Security: Both sides of the coin
On defense: Opus 4.6 achieved a 0% attack success rate against indirect prompt injections in agentic coding environments — even without extra safeguards. If you’ve been hesitant to let Claude browse local files or the web in agentic workflows, this is the most robust model Anthropic has shipped for that use case.
On offense: it hit a 66.6% success rate on CyberGym — finding known vulnerabilities in real software projects. That’s up from Sonnet 4.5’s 29.8%. If you’re using Claude for security audits or code review, I’d definitely suggest using Opus 4.6.
Claude Opus 4.6 context compaction
One more feature that flew under the radar. Long agentic sessions used to hit a wall when the context window filled up.

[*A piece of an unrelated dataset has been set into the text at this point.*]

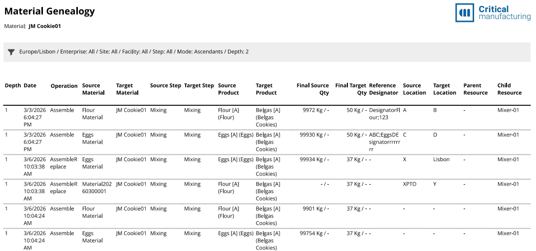 This report provides information about the parent and child Materials for the selected Material. It enables tracing how materials were split, merged, or assembled throughout production.

Anthropic calls this ”context rot” — performance degrades as conversations exceed a certain number of tokens. You’d have to restart the conversation or manually manage context.
Context compaction (currently in beta) automatically summarizes older parts of the conversation when approaching context limits. Claude continues working without losing track of what happened earlier.
If you’re running complex multi-step workflows — full codebase refactors, long debugging sessions, multi-file feature builds — this means the agent can work for much longer without you intervening. Combined with the 1M token context window (also new in Opus 4.6), you can feed it entire codebases, not just files.
What to do this week
The model improvement is real. Opus 4.6 beats 4.5 across every benchmark. Same pricing. Direct upgrade. No reason not to switch.
But the model is the engine. Effort controls, adaptive thinking, Agent Teams, `/insights`, and context compaction are the steering wheel, the mirrors, and the GPS. Most people will drive this thing in first gear and never touch the rest.
The gap between “I updated to Opus 4.6” and “I’m actually using Opus 4.6” is where the real advantage lives.